Il m’a fallu être à Arcachon pour lire enfin Putain (2001) de Nelly Arcan dont j’avais entendu parler depuis longtemps, et cela, après avoir fini le dernier livre de Nancy Huston, Reflets dans un œil d’homme, où l’écrivaine parle de féminité et de fécondité en nous rappelant des femmes belles et brisées comme Marylin Monroe, Nelly Arcan, Jean Seberg ou encore Anaïs Nin, qui ont consacré leur existence à des recherches complexes et compliquées… quête de l’amour, de la beauté, d'une carrière ; voyages, aventures, rencontres. Il m’a fallu aussi être dans un état moins gai pour terminer Putain, car le récit vous coupe souvent le souffle par ses témoignages crus ; il prend la forme d’une longue litanie où la prostituée patiente entre deux clients, se dédouble, s'interroge et raconte son quotidien comme si elle tentait de l'exorciser, de le pousser un peu plus loin pour se maintenir en vie. 
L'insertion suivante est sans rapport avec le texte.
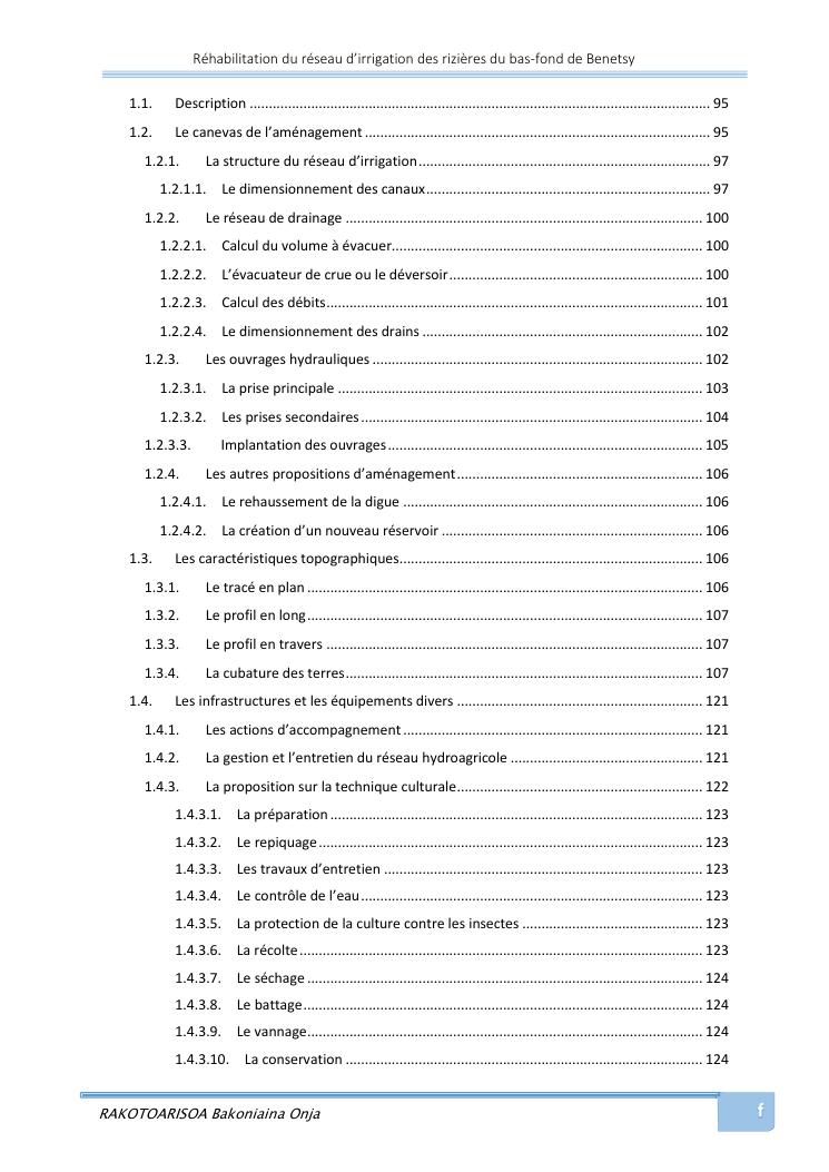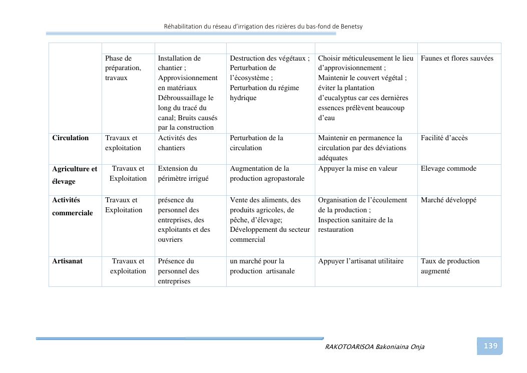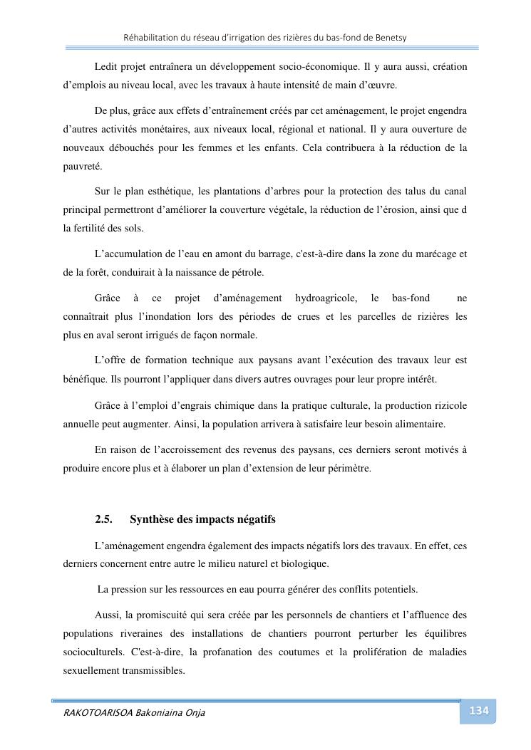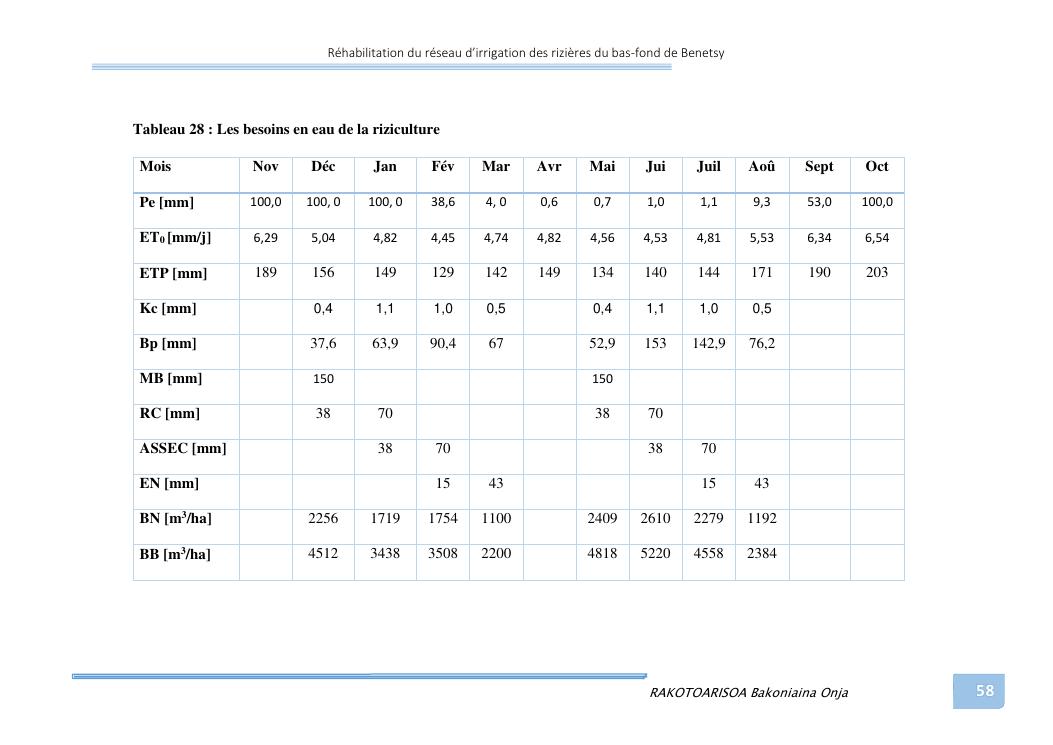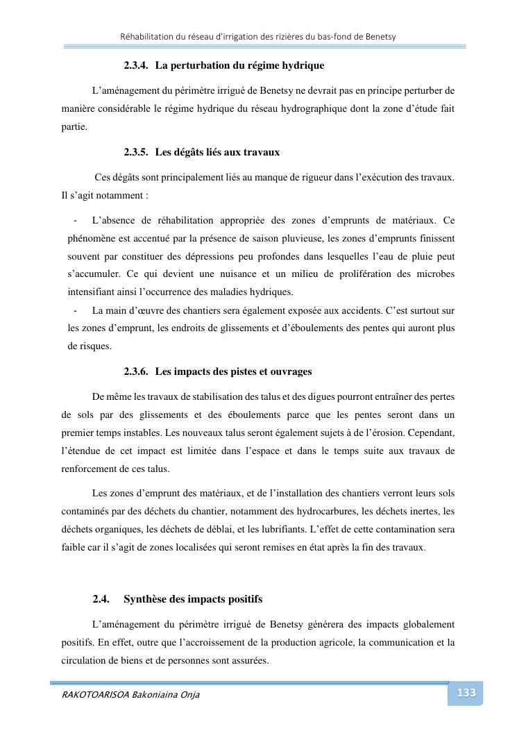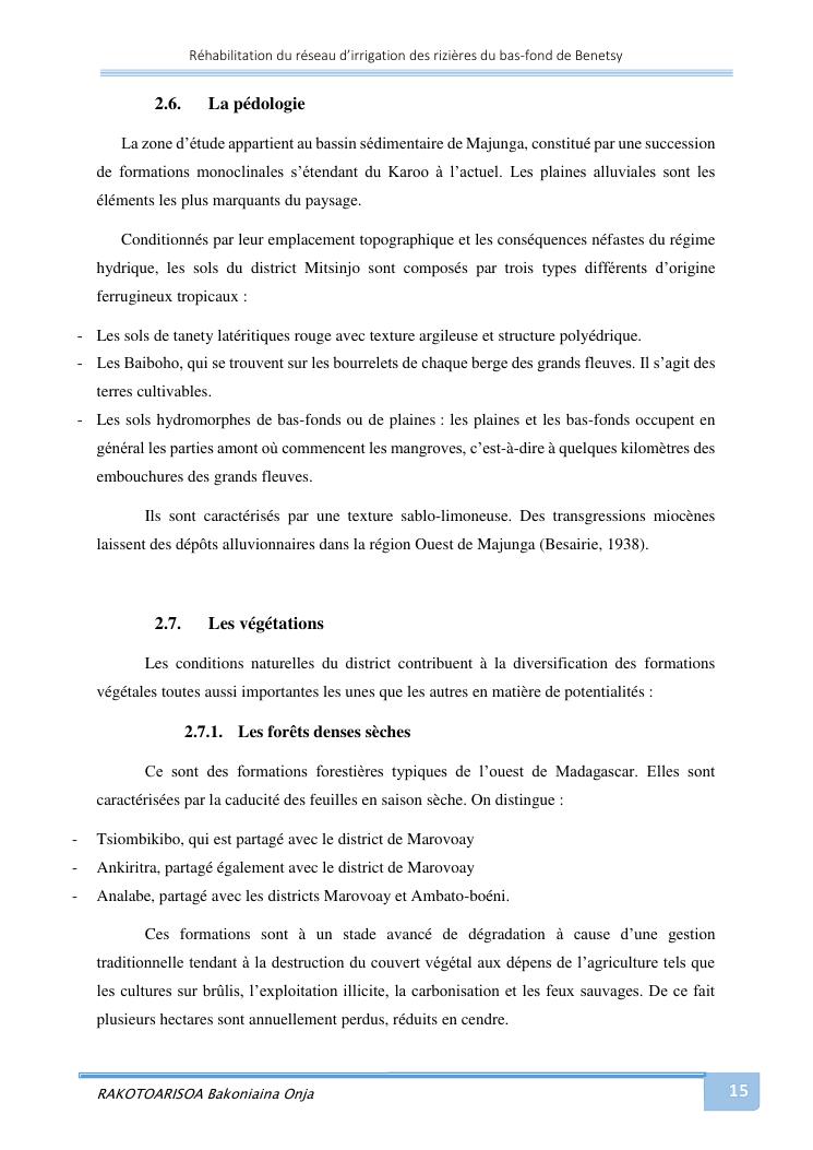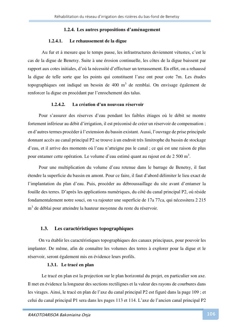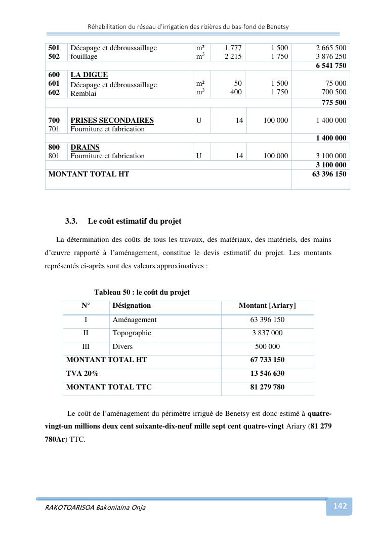 rehabilitation du reseau d'irrigation des rizieres du bas-fond de benetsy commune rurale matsakabanja district mitsinjo

J’entends encore la voix de Nelly Arcan remplie de rage, puis apaisée, puis encore enragée. De temps à autre, me reviennent des phrases De l’identité à l’existence de Daniel Sibony. Elles m’apparaissent alors comme un filet de secours ; des mots à entendre pour se convaincre que la vie est malgré tout bienveillante, que tout n’est pas barré et le possible reste possible. Pour Nelly Arcan, ce ne fut pas le cas, elle s’est donné la mort en septembre 2009 à Montréal. J'avoue que son livre a balayé pour moi une couche assez épaisse d’innocence.